Supplied material ▸
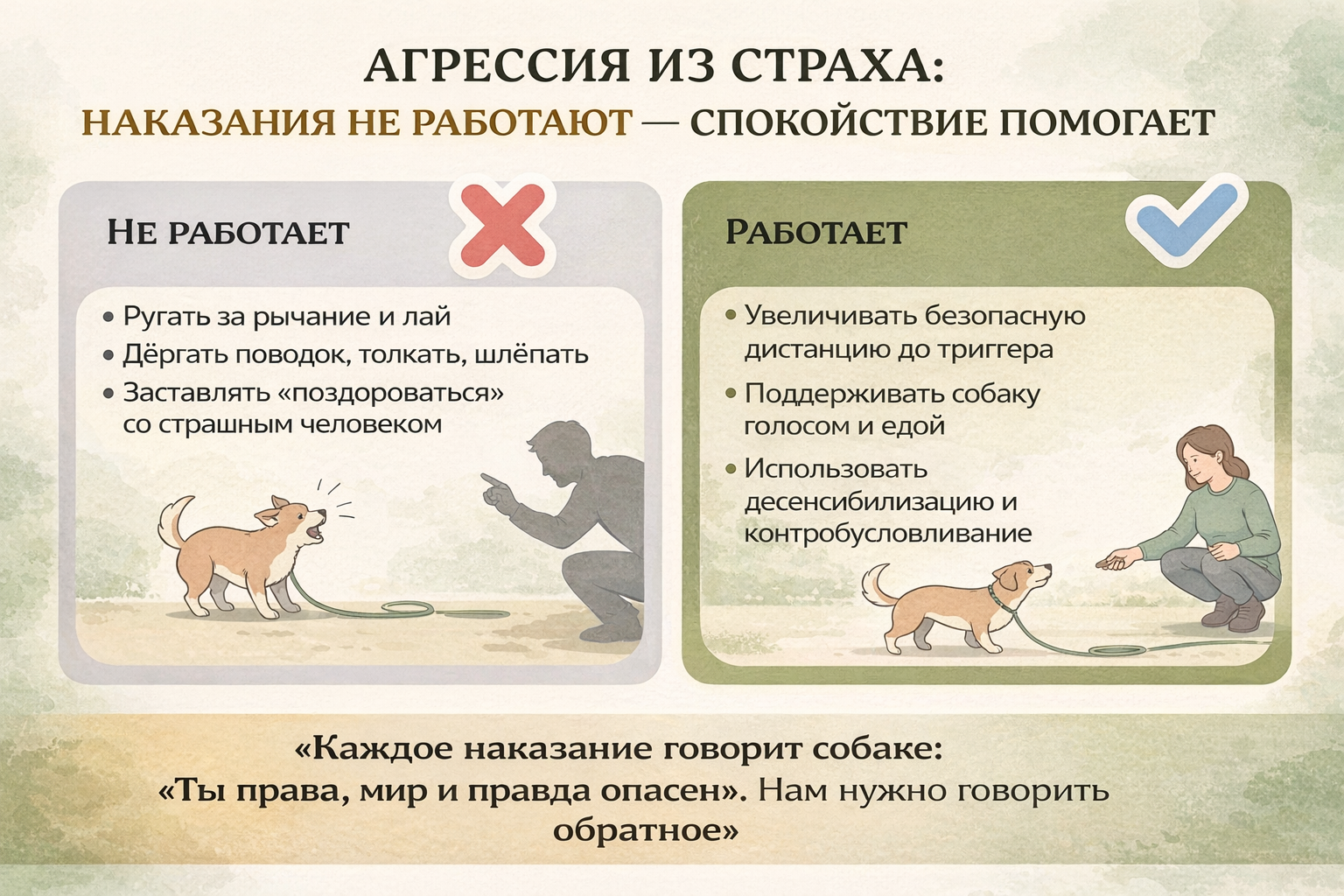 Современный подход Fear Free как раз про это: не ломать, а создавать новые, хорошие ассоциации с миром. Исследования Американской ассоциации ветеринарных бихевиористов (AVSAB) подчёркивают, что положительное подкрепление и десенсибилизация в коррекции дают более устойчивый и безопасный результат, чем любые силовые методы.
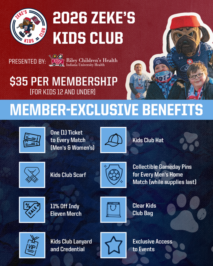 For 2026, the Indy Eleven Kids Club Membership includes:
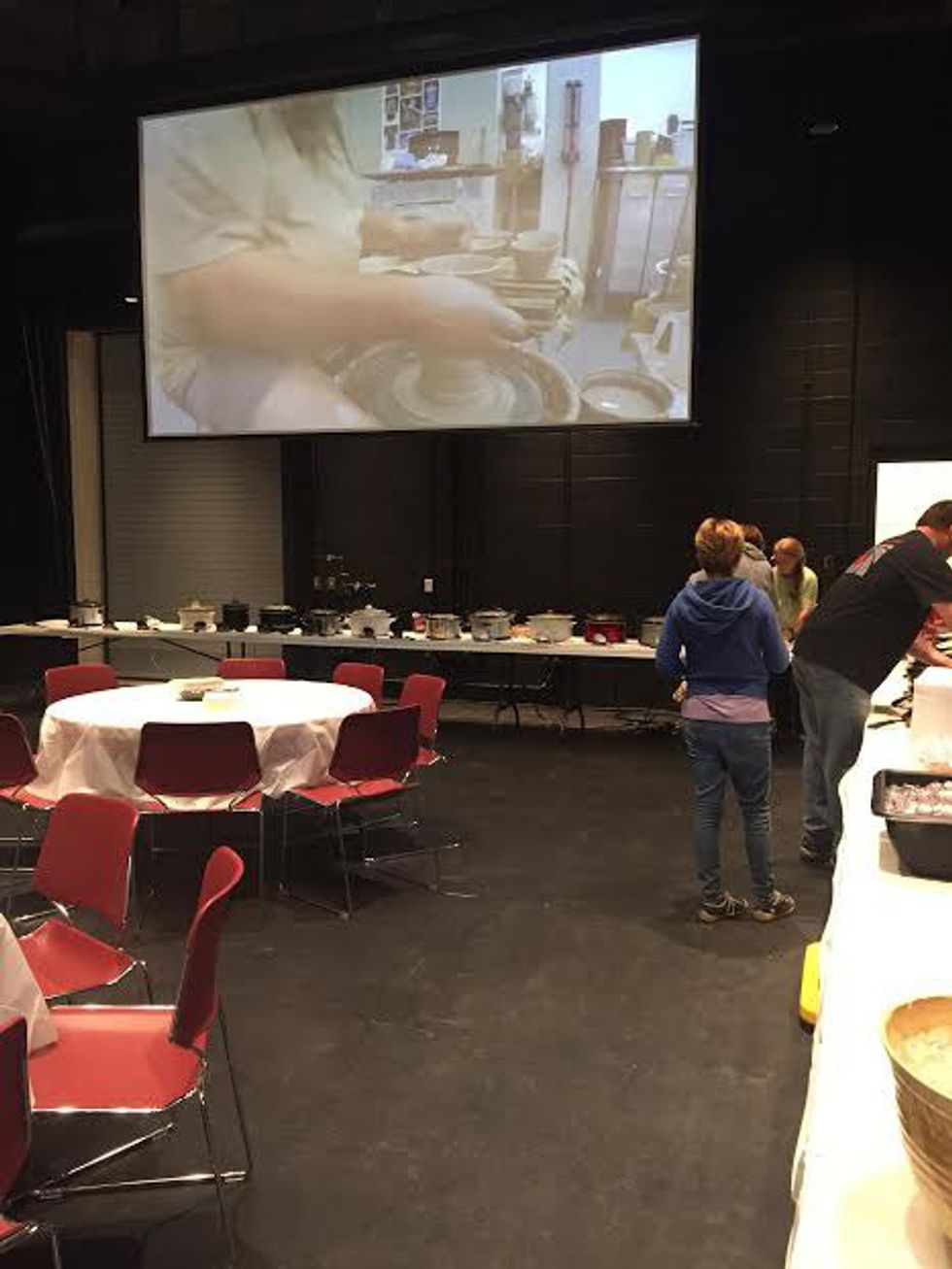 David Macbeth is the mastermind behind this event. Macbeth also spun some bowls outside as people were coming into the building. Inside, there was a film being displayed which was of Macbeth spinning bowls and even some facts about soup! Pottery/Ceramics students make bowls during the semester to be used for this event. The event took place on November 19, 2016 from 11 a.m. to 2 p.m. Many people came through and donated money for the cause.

Instructions for the task ▸ Exact repetition of the material above is required, with the images removed.

Response for this exercise ▸
 Современный подход Fear Free как раз про это: не ломать, а создавать новые, хорошие ассоциации с миром. Исследования Американской ассоциации ветеринарных бихевиористов (AVSAB) подчёркивают, что положительное подкрепление и десенсибилизация в коррекции дают более устойчивый и безопасный результат, чем любые силовые методы.
 For 2026, the Indy Eleven Kids Club Membership includes:
 David Macbeth is the mastermind behind this event. Macbeth also spun some bowls outside as people were coming into the building. Inside, there was a film being displayed which was of Macbeth spinning bowls and even some facts about soup! Pottery/Ceramics students make bowls during the semester to be used for this event. The event took place on November 19, 2016 from 11 a.m. to 2 p.m. Many people came through and donated money for the cause.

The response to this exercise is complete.